Lastly, I’m almost done. Commitment. Jesus says twice, if you’re going to follow me, deny yourself, take up your cross, follow me. And the following is, I don’t just head to the store with Him one time, come back and do my thing. My life is now committed to following Jesus through the thorny ways.
But if we’ve built on that confession with converting our minds and conforming ourselves to the image of Jesus, and being confirmed by the outward afflictions on us, by the hand of God, by the enemy wishing to destroy you, by man’s hatred for you, ultimately God is doing something. If you’ve built that foundation, then you can gladly endure and follow until the end. You can be committed. Because you’ve got some good reason. Those thorny ways are now treasures. Because you know they’re keeping your soul for the day of salvation.
Jesus calls us to treasure the thorny ways of following Him. Because He’s leading us out of the grips of death and into the glories of everlasting life with Him.
You’ve got to go through the thorny ways. But if you do, if you will count this life as insignificant in comparison to the future life and glory,
it’ll be worth it. Charles Spurgeon in a sermon, I don’t know if he coined this or quoted it, he said, No cross, no crown. You’ve got to bear the cross if you want to wear the crown. And God is saying, God is so good to allow us, as we’re out there in the blackberry bushes, picking and getting scratched up, and it’s miserable and it’s hot and the mosquitoes are bad, and I’m ready to turn it in, I can pick a berry and be refreshed. God gives us berries along the way to remind us and to keep us, oh, I’m going to head home with a bucket full of these things.
God’s good and He provides ample grace in the weakness, in the sin, in the suffering to remind us that there’s an indescribable reward waiting for us.
I’ll close with this. A good friend gave me a book, Songs of Suffering, and I think I’ve shared actually this verse before, but I’m going to share it again. It’s fitting and it’s good and it’s challenged me. And it’s been a good reminder that this is not my home.

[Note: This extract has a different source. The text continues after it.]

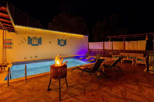 Villanın modern ve fonksiyonel iç mekân kurgusu; tam donanımlı mutfak, ferah oturma alanı ve konfor odaklı mobilya seçimiyle konaklama sürecini daha verimli ve keyifli hale getirir. Havuz terasında gün boyu dinlenme, güneşlenme ve akşam saatlerinde sakin bir ambiyansta vakit geçirme imkânı sunan bu villa, Korunaklı Havuzlu Kiralık Villalar kategorisinde değerlendirme yapan misafirler için hem estetik hem de operasyonel konfor açısından doğru bir alternatif olarak öne çıkar. Kaş merkeze ve bölgedeki koylara kısa sürüş mesafesinde yer alması ise doğa içinde sakinlik ile sosyal erişilebilirlik arasında dengeli bir tatil deneyimi sağlar
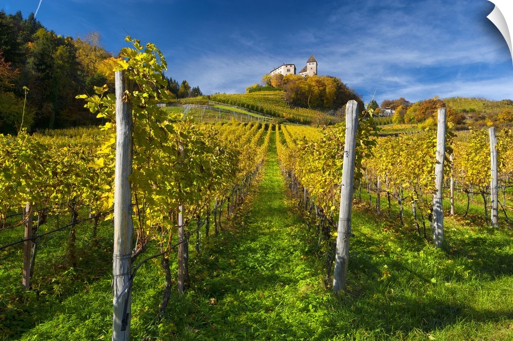 <p>Italy, Trentino-Alto Adige, Alps, Dolomites, Bolzano district, South Tyrol, Prissiano, Castel Wehrburg and vineyards in autumn</p>

Whatever may come, this is not my home. Be still, my soul. Be still, my soul, for God is on your side. Bear patiently the cross of grief or pain leave to your God to order and provide who through all changes faithful will remain. Be still, my soul. Your best, your heavenly friend through thorny ways leads to a joyful end.
Commit your way, to the way of Jesus, and live. Would you pray with me?
Lord Jesus,
the weakness of our flesh, the temporal pleasures of this world, the enemy,
would seek to snatch us, to destroy us, and consume us, and consume us,
but you’ll not have that. And we thank you for that assurance. We thank you for
Lord, even though they may be tough, even though they’re thorny, and they’re difficult, and they’re hard to understand, and hard to bear, Lord. We thank you that you know, and you’re good, and you’re faithful, and you have our best interest in mind. You have a goal for us, and you’ll not let us be lost. You’ll not allow us to be snatched by the enemy.
I thank you, Lord Jesus, that
you’re not commanding something of us that you didn’t. Walk yourself. You suffered ultimate suffering. You bore the ultimate cross, and by that cross we’re saved and brought near.
We thank you, and we praise you, and we worship you. The body that you offered up, the blood that you spilled,
is our very life, Lord. We thank you, Lord, and we thank you for that. And so I just pray that, Lord, whatever it is that your hand is going to bring, has brought,
Lord, you’ll be near to us in it, and that through suffering, Lord, we’ll be brought nearer to you, and fellowship with you will be sweeter, and our desire, and our want, and our need for heaven will only grow stronger, and our faith, will be strengthened, and, Lord, one day we’ll receive what we’ve so patiently waited for. Thank you, Lord Jesus. It’s in your name we pray. Amen.